RL: Well, I’m here to humbly say that I feel extremely fortunate to have found a publisher. Certainly more than a dozen publishers, big and small, turned this manuscript down with little to no explanation offered. I was out wandering in the unpublished wilderness for many months before Sheridan House kindly took a chance with me. They are a maritime imprint so that was part of the attraction. That would be one bit of advice I might give to first time authors. Look for a small publishing house that has handled books with similar themes to your book.
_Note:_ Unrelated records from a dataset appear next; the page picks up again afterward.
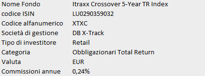l’ETF non distribuisce dividendi e mira a replicare l’Indice iTraxx® Crossover 5-year TOTAL RETURN INDEX® il quale comprende 50 compagnie europee con credito di rischio inferiore all’Investment grade.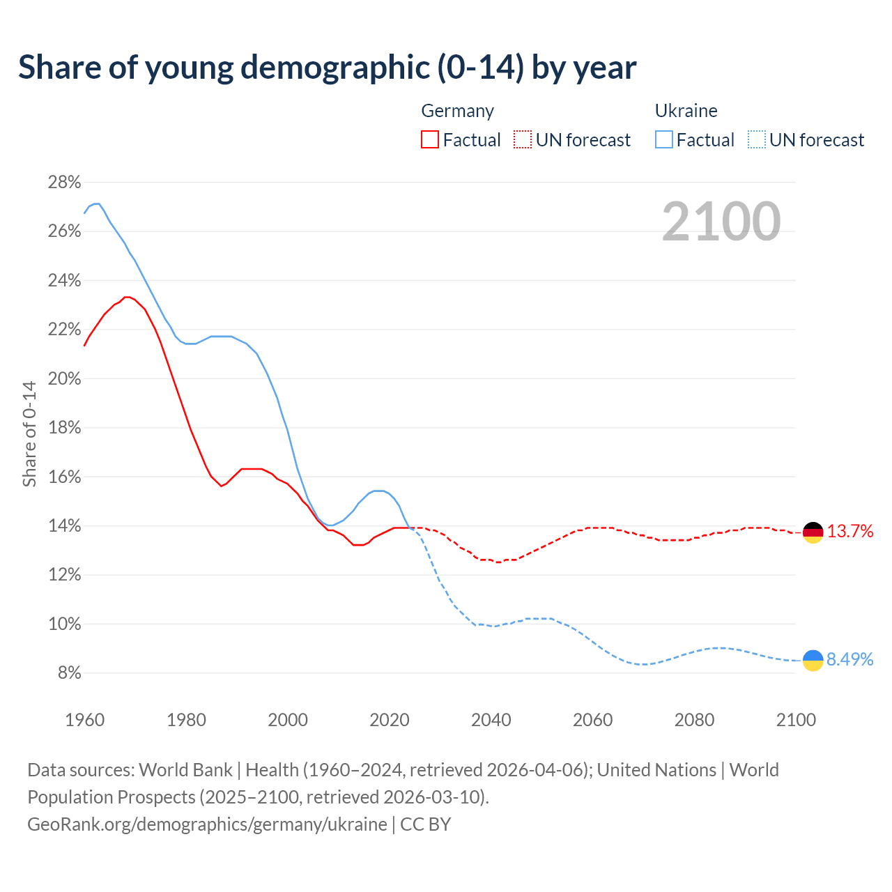- The share of young demographic (0-15 years old) in Germany is 13.9% vs 13.9% in Ukraine.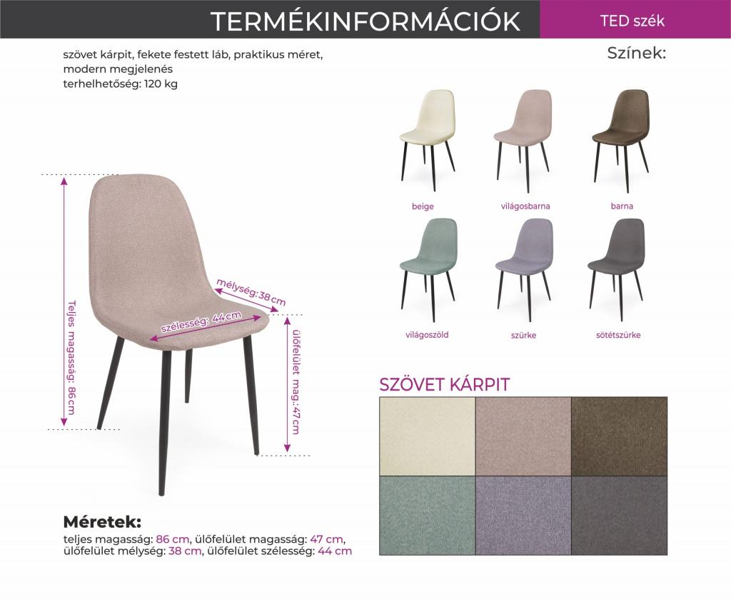 A Ted szék szövet kárpittal, fekete porfestett lábbal, modern kialakítással készül.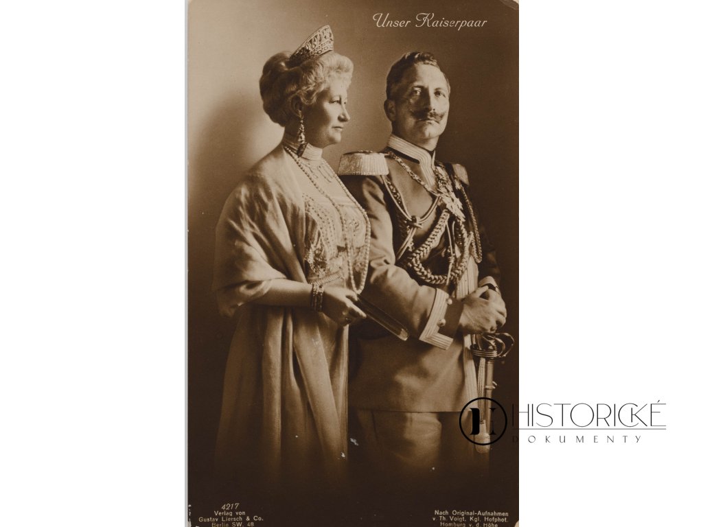 Historická pohlednice kaisera Viléma II. Pruského s chotí s německým nápisem "Unser Kaiserpaar" (Náš císařský pár), číslo 4217, vydaná firmou Gustav Liersch & comp. v Berlíně. Kartička jest nadepsaná a prošlá poštou, ale bez známky. Pohlednice zobrazuje posledního německého kaisera s jeho manželkou Augustou Viktorií a představuje autentickou memorabilii Německého císařství z období před první světovou válkou. Jedná se o kvalitní berlínskou produkci zachycující císařský pár v reprezentativním provedení. Neocenitelná památka pro sběratele německých královských pohlednic a milovníky hohenzollernské dynastie. Výtečný dokument německého císařského kultu.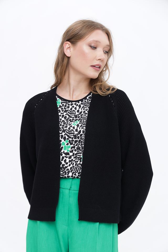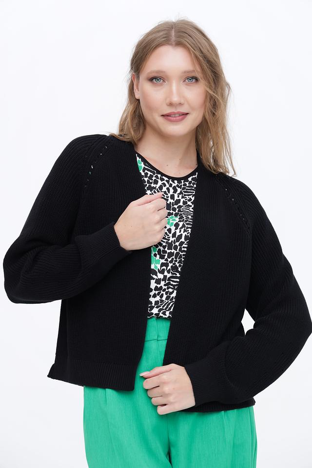 Чёрный кардиган от Taifun – это стильная и удобная модель с рукавами-фонариками. Изготовлен из 100% хлопка, обеспечивающего комфорт в носке. Идеально дополнит повседневный образ. Состав: хлопок 100%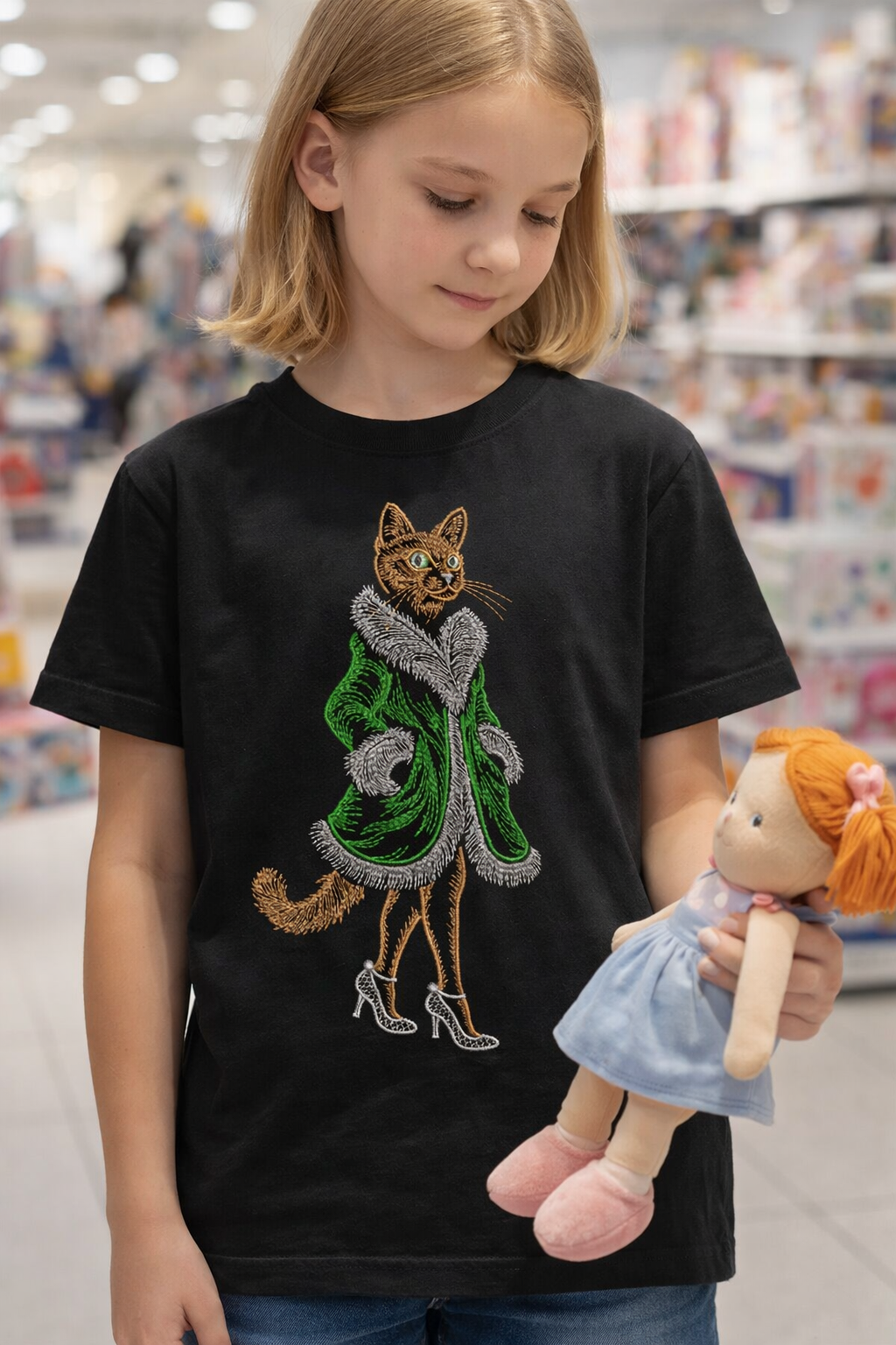 238×123 мм, 14 285 стежков, 5 цветов – мех блестит, усы при деле, кружевные туфельки на высоте 👠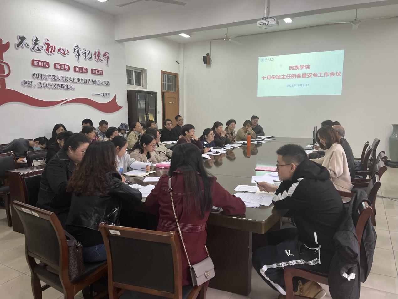 10月20日上午,我校召开2021年平安校园建设领导小组(扩大)会议,民族学院时刻牢记“平安校园”建设关系到每一位师生,必须做到守土有责、守土担责、守土尽责。20日下午,民族学院迅速召集各项工作分管领导、学系负责人以及辅导员传达学校平安校园建设会议精神,部署相关工作。
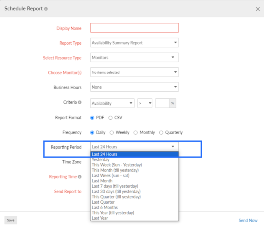 - Monitors: You can choose multiple monitors from the drop-down for which you wish to schedule the report.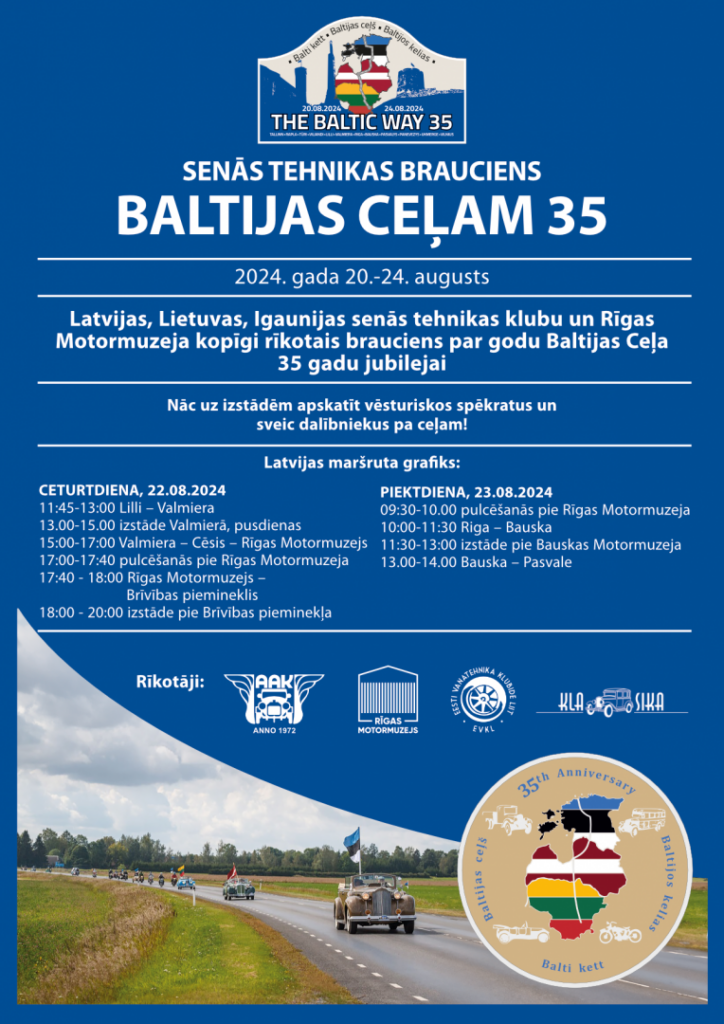 Antīkās tehnikas entuziasti no Igaunijas, Latvijas un Lietuvas atzīmē Baltijas ceļa 35 gadus ar kopīgu seno spēkratu braucienu Baltijas ceļa maršrutā. Brauciena mērķis ir saliedēt mūsu tautas un iepazīstināt ar automašīnām un motocikliem, kas tika izmantoti Baltijas ceļa un Molotova-Ribentropa pakta (MRP) parakstīšanas laikā 1939. gada 23. augustā, kas bija Baltijas ceļa motīvs, vēsta Andrejs Beļinskis, Rīgas motormuzeja vadītāja vietnieks.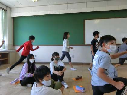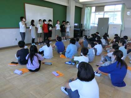 山の家での宿泊学習に向けて,学年で集まってキャンプファイヤーの練習をしました。レク係が中心となって進め,とても盛り上がっていました。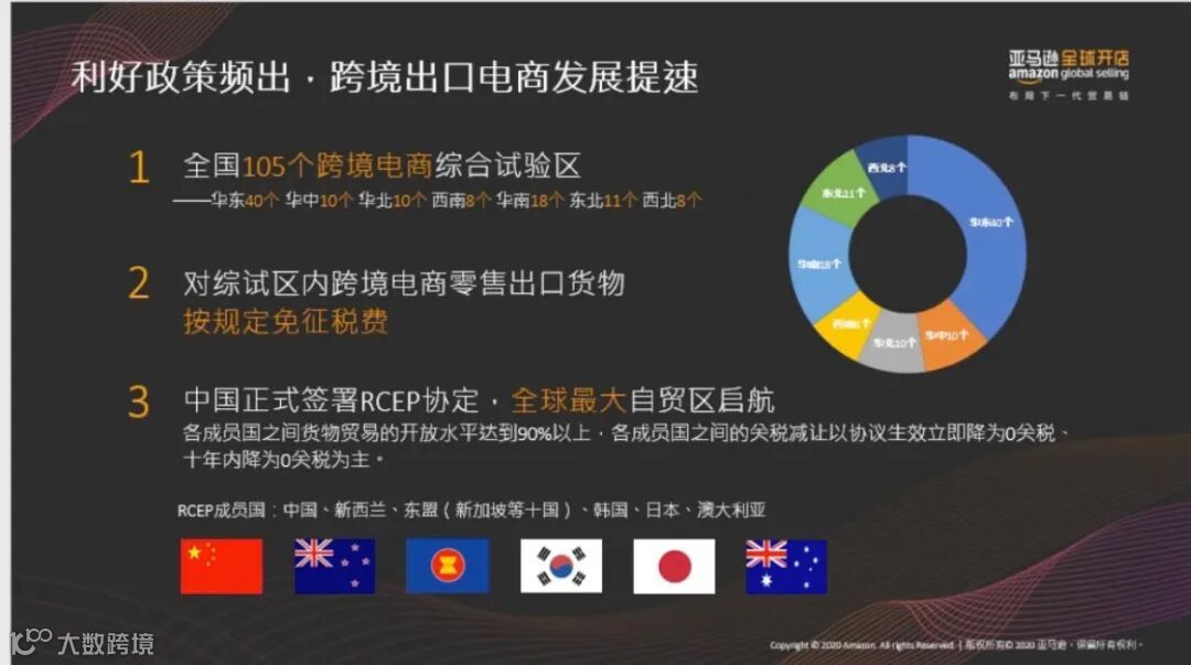 跨境电商综合试验区有各种利好的政策,对跨境电商企业进行扶持。中国正式签署RCEP的协定,成为全球最大的自贸区,主流成员国里面互惠互利为自贸的发展进行推动作用。从政策的方面来讲,让中国的企业搭上最快的和最强的这艘船去出海提供了最好的背景和支持。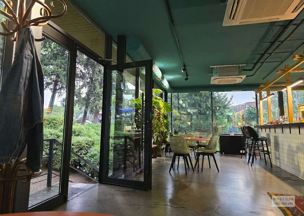 В меню — классика гриля: бургеры, ребрышки, крылышки, стейки и овощи на открытом огне. Напитки на любой вкус — от локального вина до авторских коктейлей. Интерьер сочетает в себе индустриальные элементы, деревянную мебель и зелёные акценты, а просторная терраса позволяет наслаждаться едой под открытым небом.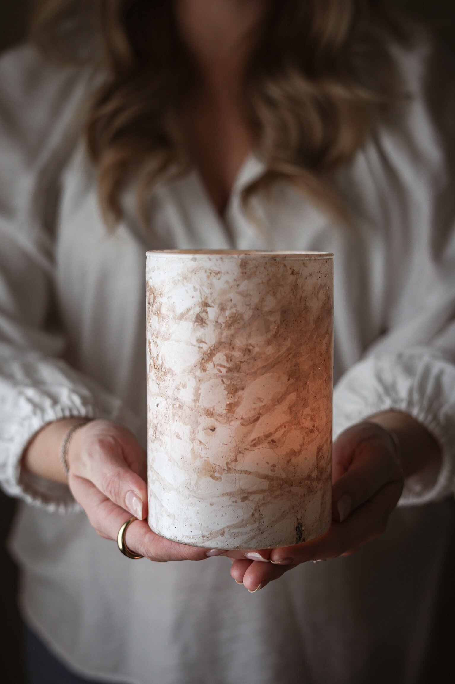 Varje lykta är handgjord i glas och har en vacker, levande finish i toner av vitt, sand och grått. Det ger ett mjukt och stämningsfullt ljus som skapar en varm känsla i rummet.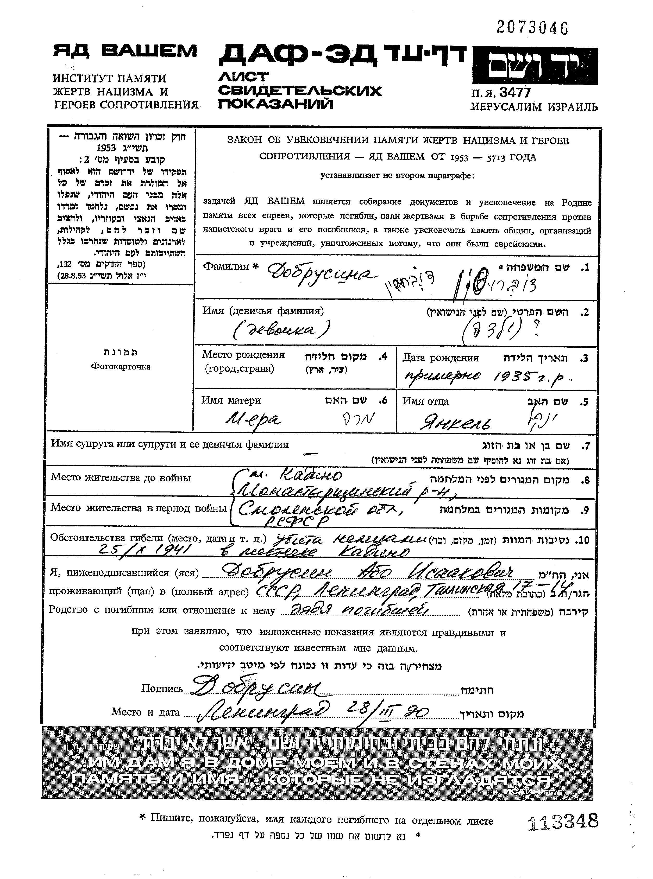 Dobrusin First name unknown Kadino, Russia (USSR) Page of Testimony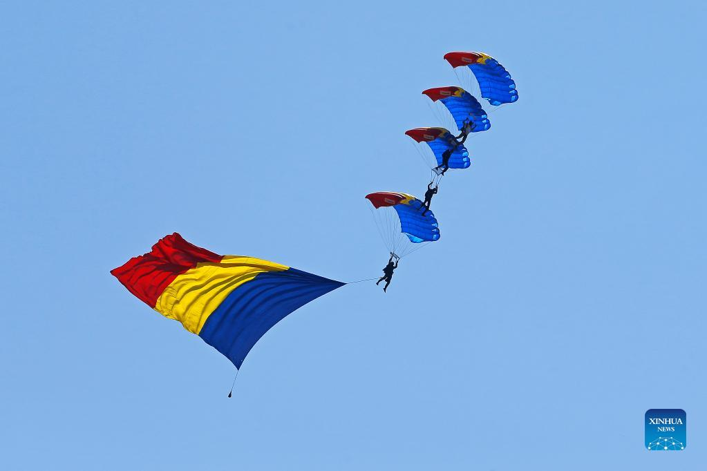 A parachute team performs during Aero Expo Fest near Bucharest, Romania, on June 25, 2022. (Photo by Cristian Cristel/Xinhua)
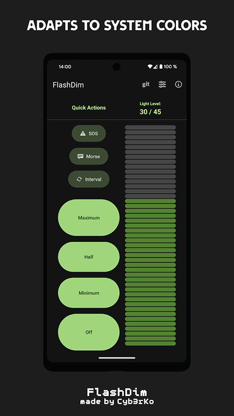 FlashDim 是一款很实用的手机工具应用,专门用来调节手机闪光灯亮度。它最大的特点就是比系统自带的手电筒功能强大很多,不仅有开关模式,还能通过滑块精确调整亮度,从微弱到最强都能轻松控制。我觉得这个设计挺贴心的,因为在晚上看地图或者找东西的时候,用低亮度既不会刺眼也不会打扰别人。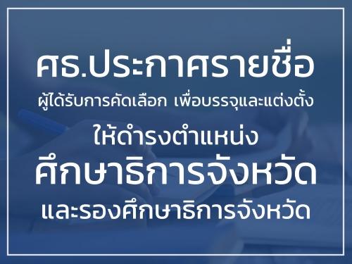 ศธ.ประกาศรายชื่อผู้ได้รับการคัดเลือก เพื่อบรรจุและแต่งตั้งให้ดำรงตำแหน่ง ศึกษาธิการจังหวัด และรองศึกษาธิการจังหวัด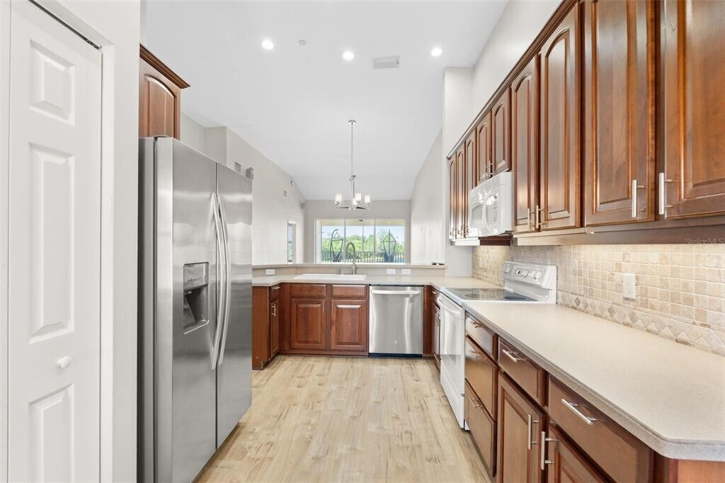 Welcome to 7187 Boca Grove Pl Unit 201! Lovely Golf Course view Lakewood Ranch Condo in gated community. This is a 2nd Floor End Unit 2 bedroom / 2 bath plus Den with Ceramic Tile flooring and Plantation Shutters throughout except for the vertical blinds over the lanai sliding doors.. It also comes with a 1 car garage! The view is of The Legacy Golf Course #6 green and fairway across the lake and the 7th tee. Step into the entry foyer. The guest bedroom,bathroom and laundry room is to your left separated from the foyer with a pocket door that can make it a private guest suite when closed. Just past the Guest area is a Den with French Doors. Could be used for extra sleeping area for guest,or use it as an office space. On the right side of the Foyer is the eat - in dinette attached to the Kitchen with wrap around breakfast bar. This unit is located just 5 minutes from UTC Mall & Waterside in Lakewood Ranch. MLS# A4674975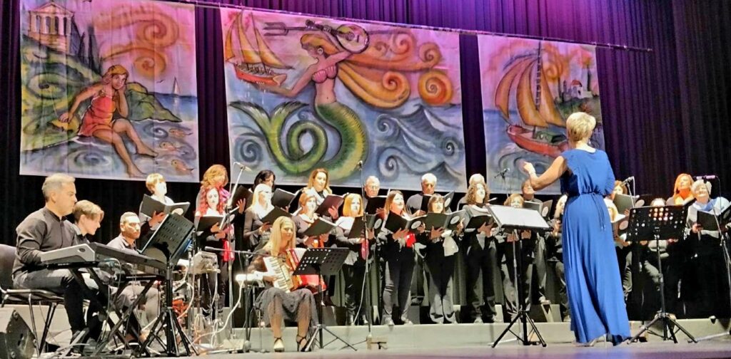 Η πολυπληθής Χορωδία με τις πολυφωνίες και τον άψογο συντονισμό της ήταν εξαιρετική! Στα σόλο , η Ρένα Χούλη μας συγκίνησε με τη λυρικότητα και την κρυστάλλινη φωνή της στο ‘Θεός αν είναι’ , ενώ οι υπέροχες κυρίες Σταματία Κοντού και Παναγιώτα Γαλίτη μας ξεσήκωσαν με το ταλέντο και το μπρίο τους στο ‘Δυνατά-Δυνατά’!

The other bit of advice would be to pay close attention to your first two chapters. They have to be zingers. I discovered this the hard way. Many publishers only want to see the first two chapters of your book. I can’t tell you how depressing it is to be told, Sorry, it’s not for us., and they’ve only read twenty four pages. As a child, my mother used to tell me to never put a book down until I had read at least seventy five pages. Well, those days of more patient reading are long gone.

Finally, I would say have faith in your own story telling ability. Just because someone says they don’t like your book, that doesn’t mean someone else in the publishing business isn’t going to love your book.

  • BB: What's next for Robin Lloyd?

RL: I’ve been encouraged to write another historical sea novel so I’m keeping that option open. If I do sally forth in that direction, I’ll probably stay put in the 19th century. I’m in the process of researching now. This time I think my main character will be fictional, but the setting and the times portrayed will be quite historical. Look for another suspense mystery, perhaps in the Caribbean.

  • BB: We look forward to reading that, Robin. Thank you for taking the time to chat to us.